Ну, волков бояться – в лес не ходить. Ведь, согласившись на эту работу, я сжег за собой мосты, и теперь моя жизнь и мое благополучие находятся в прямой зависимости от удачи и умения фехтовать.
– Я согласен, – спокойно произнес я, – жду вас с вашим бретером ровно через час на заднем дворе трактира. Господа, надеюсь, кто-нибудь из вас окажет мне честь выступить моим секундантом?
– С превеликим удовольствием, сударь, – ответил первый из подошедших дворян. – Шевалье де Рец к вашим услугам. А это мой друг – барон дю Бартез.
– Шевалье Орлов к вашим услугам, – мы раскланялись друг с другом.
– Час – это слишком мало, – опять подал голос южноалезийский дворянчик, – я не успею!
– Поскольку вы выставляете вместо себя бойца, – мгновенно отреагировал пожилой господин, – право выбора места и времени поединка переходит к шевалье Орлову.
– Ах так! – маркиз в бешенстве нахлобучил шляпу по самые глаза. – Вы пожалеете об этом! Я вернусь через час, и вы пожалеете!
– Маркиз! – окликнул я направившегося было к выходу оппонента. – Вы забыли заплатить за ужин.

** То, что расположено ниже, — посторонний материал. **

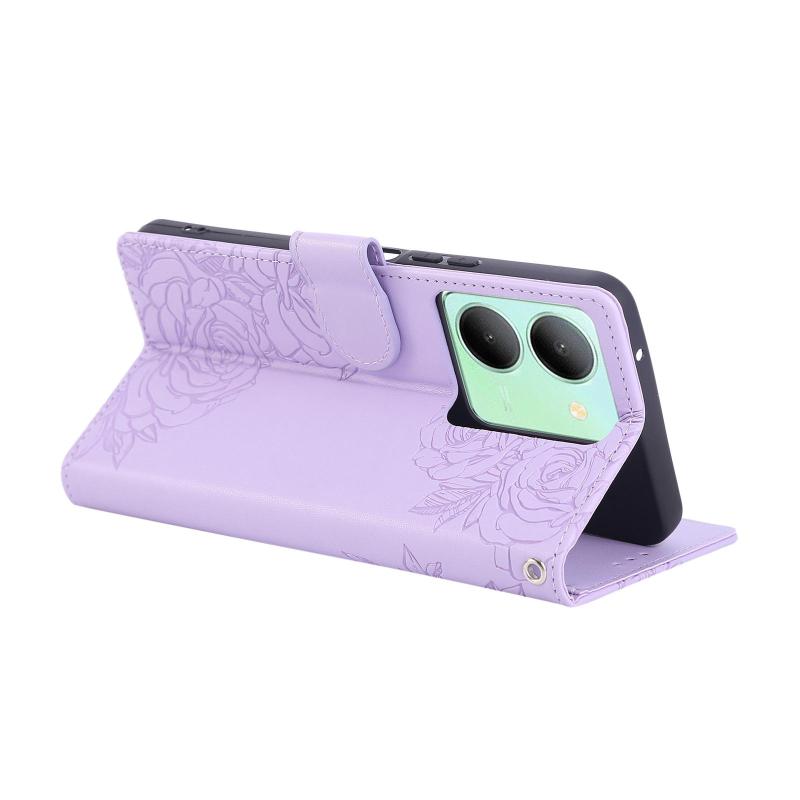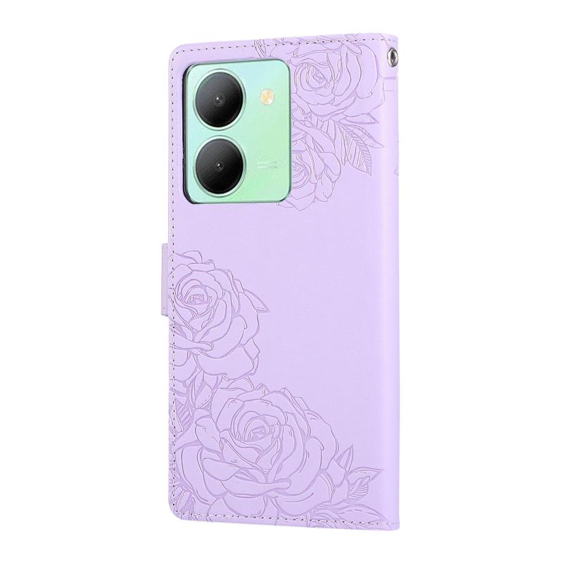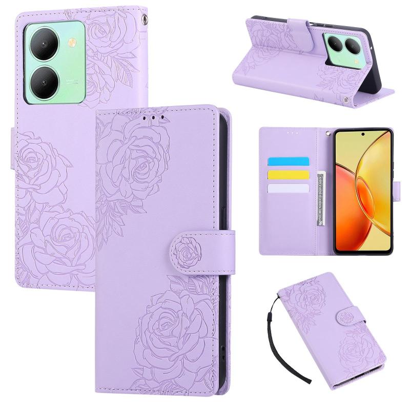 For vivo Y36 5G Global Rose Flower Embossed 3-Card Slots Leather Phone Case(Purple)
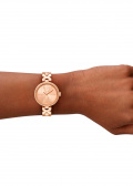 Накладные метки в виде штрихов. Заостренные прямоугольные стрелки в стиле Baton. Гладкая заводная головка. Узкий стальной браслет с раскладывающейся застежкой.
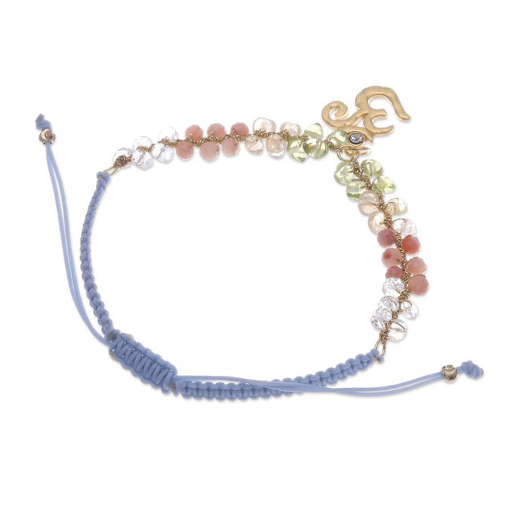 Handcrafted in Thailand from 24k gold-plated 925 sterling silver, various gemstones, and nylon cord, with a combination finish. The adjustable bracelet measures between 6 and 9.8 inches.
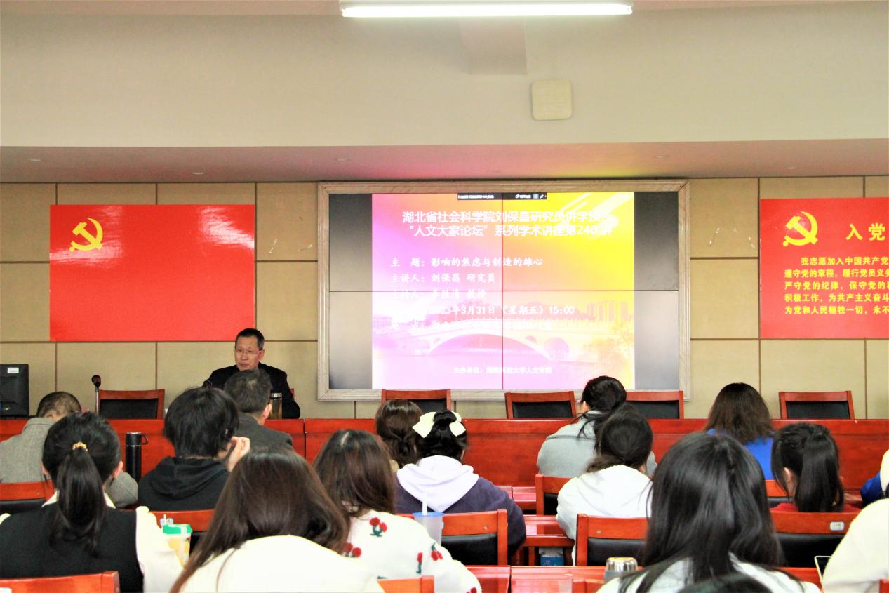 3月31日下午,由九州平台(中国)集团有限公司九州平台(中国)集团有限公司主办的“人文大家论坛”第240讲于立言楼B4-1室举行。湖北省社会科学院二级研究员刘保昌先生应邀为我院师生做题为“影响的焦虑与创造的雄心”的学术讲座。本次讲座由李胜清教授主持,刘郁琪、胡志明、梁小娟、邓桂英等老师以及汉语言文学专业研究生和本科生到场聆听。
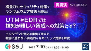 本セミナーでは、豊富なセキュリティ事故対応の経験を持つS&Jが、実際のインシデント対応の支援事例を通じて見えてきた、日本で発生しているランサムウェア被害の攻撃手法や攻撃フロー、そして従来型セキュリティ対策とのミスマッチについて詳しく解説します。 また、そのミスマッチを解消し、被害を防ぐための実践的な対策方法についても解説します。

Он дернулся, как от пощечины. Резко обернулся, хотел что-то возразить, но вовремя остановился. Только желваки заиграли на скулах да глаза от злости чуть не вылезли из орбит. Вернулся к стойке и молча выложил серебряную монету, жестом руки остановив мэтра Пигаля, кинувшегося отсчитывать сдачу – мол, сдачи не надо, гордые мы.
8
Стоял прекрасный, теплый майский вечер. Воздух был насыщен ароматом цветущей сирени, в который легкий ветерок иногда привносил запахи трактирной кухни. Бесчисленные сверчки увлеченно состязались в песнопениях. Со стороны Каштановой улицы доносился отдаленный гул гуляющих. Именно там находилось место традиционных вечерних гуляний благородной публики, проживающей в восточной части Монтеры. Я представил себе на минуту эту картину. Освещенную ярким светом многочисленных фонарей улицу, неспешно прохаживающихся, разодетых по последней моде дам, расфуфыренных кавалеров с напомаженными усами, благоухание парфюма, звуки музыки, аромат свежих пирожных от лучших кондитеров столицы. Представил себя в новом камзоле, в новой шляпе с фиолетовым пером, вышагивающего под руку с прекрасной дамой. Тяжкий вздох прервал мои мимолетные мечтания. Не вписывался я в эту благостную и беззаботную картину, не было мне в ней места.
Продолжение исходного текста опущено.